The companies say the first phase of the partnership focuses on four use cases:

  1. Enhanced creativity. WPP will use Gemini 1.5 Pro for basic creative tasks like writing headlines.
  2. Content optimization. Gemini will upgrade an existing WPP system that predicts content performance.
  3. AI narration. WPP will use Gemini to automatically create video narration scripts. They will then generate synthetic voices for videos using these scripts. Those voices will come from another AI company, ElevenLabs.
  4. Product representation. WPP will use Google's generative AI to create product images.

This isn't the first time a big agency has gone all-in on AI. (We reported previously on Publicis' massive investments into AI.) But it marks just how quickly the agency world is changing thanks to AI.

What should agency leaders be paying attention to here? What steps should they be taking to stay relevant in the age of AI?

I got the answers from Marketing AI Institute founder / CEO Paul Roetzer on Episode 92 of The Artificial Intelligence Show.

The race to reinvent ad agencies is on

"It’s a race to reinvent ad agencies," says Roetzer.

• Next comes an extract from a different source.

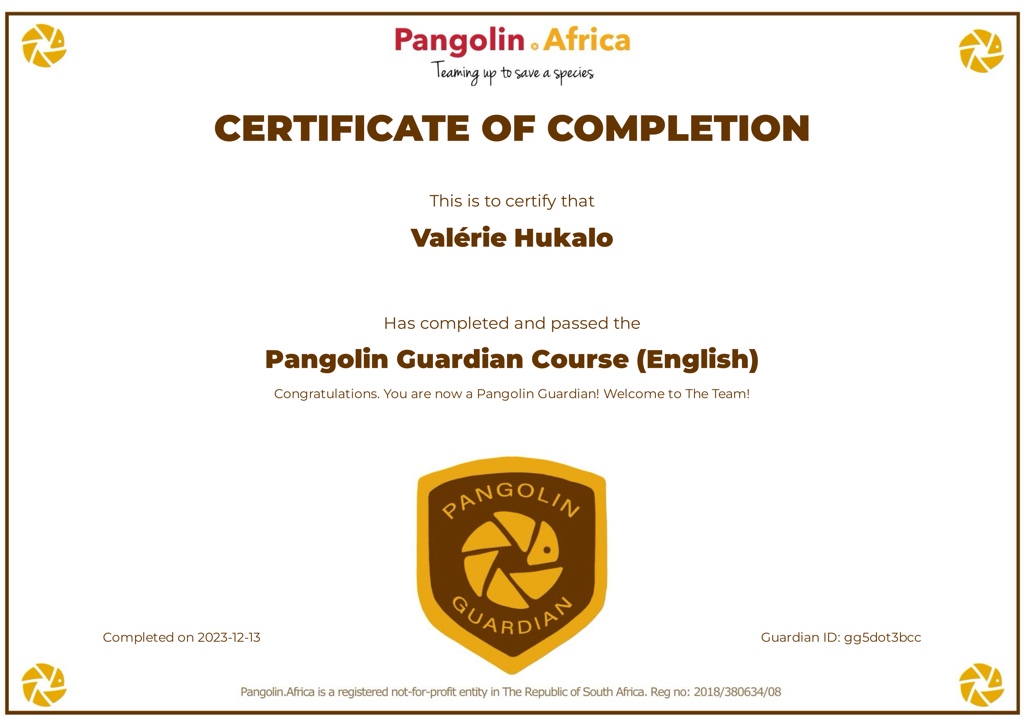 Rendez-vous sur cette page https://www.pangolin.africa/become-a-pangolin-guardian pour regarder les 2 vidéos. Complétez les quizz pour tester vos connaissances et recevoir votre certificat de Pangolin Guardians.

WPP's partnership with Google is part of a whopping annual investment of $318M in AI. (Publicis, who we reported on previously, is spending $326M in the next 3 years on AI.

And, it sounds like that level of investment is necessary.

"They’re in a really challenging environment where AI capabilities are accelerating really fast," says Roetzer.

But every agency is dealing with massive uncertainty

The speed of AI innovation is introducing massive uncertainty into the agency model.

AI models are quickly becoming truly multimodal. They now generate and understand text, images, video, music, code, and ideas. GPT-5, and GPT-5 class models, are coming. And these tools enable creative output at scale.

"Agencies aren't just competing with each other anymore," says Roetzer. "They're now competing with $20 a month technology that does things that used to require 30 person teams in all these different disciplines in creative, strategy, design, video production, audio production, and more."

That raises uncomfortable questions about agencies.

"What won’t I be able to do with one of these models that I would usually pay a big agency for?," asks Roetzer. Do we need as many humans doing creative when AI is great at creative? Does an agency need as many people overall given AI's capabilities?

And it's not clear agencies are moving fast enough

And it's not clear that agencies like WPP are moving fast enough. Or taking the speed of AI seriously enough.

WPP is already struggling. Despite the AI investments, the business simply isn't growing that much right now. The company's organic revenue was up just 0.3% in Q4 as clients tighten belts.

During recent earnings reports, WPP's CEO Mark Read commented on OpenAI's Sora, which generates videos. When asked about the impact on WPP's business, Read responded:

“I don’t think it changes our strategy ... I think it reinforces what we are doing. What clients need is work that’s copyright-proof, that [is] able to accurately represent their brands and reality. And Sora is not yet at that stage.” 

"That's a dangerous response," says Roetzer, given that Sora is still in limited preview and we don't fully know what it's capable of.